ZAKSA kontra Asseco Resovia, czyli walka o panowanie w siatkarskiej Polsce


   
   Rywalizacja o mistrzostwo Polski w siatkówce za sezon 2012/2013 przez kluby z Kędzierzyna i Rzeszowa wydaje się nie mieć końca. Jeśli ktoś oczekiwał jednolitego przebiegu finału, musiał obejść się smakiem.
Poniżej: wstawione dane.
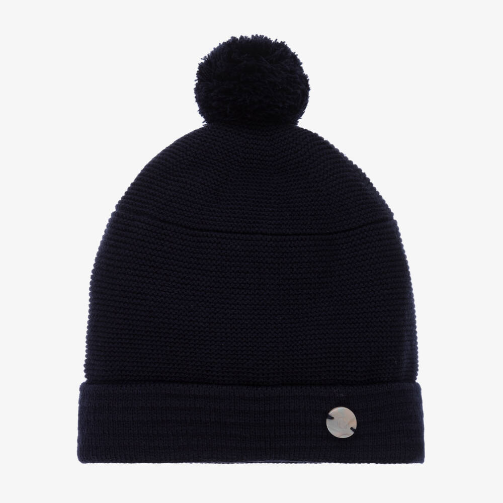Lovely navy blue hat for boys and girls by Artesanía Granlei, crafted in a soft knit. Cosy and comfortable to wear, it has a sweet pom-pom on the top and a turn-up brim with a signature logo charm, for a stylish designer finish.

Kto będzie cieszyć się 20 kwietnia - Zaksa, która wróci do zwycięskiej tradycji Mostostalu Azoty sprzed niemal dekady, czy może Asseco Resovia obroni tytuł?
   Kluby ze Śląska i Podkarpacia teoretycznie rozegrały 80 % finałowych spotkań, ( cztery na pięć możliwych meczów) faktycznie wskazać faworyta OSTATNIEGO, decydującego meczu jest piekielnie ciężko. Przewaga własnego parkietu (mecz odbędzie się w Kędzierzynie) może okazać się nie tyle wsparciem, co gigantyczną odpowiedzialnością dla siatkarzy ZAKSY. O tytule może zadecydować detal: odporność psychiczna dnia, dyspozycja, niewstrzymywanie ręki przez atakujących, celowanie w potężne auty po blokach itd...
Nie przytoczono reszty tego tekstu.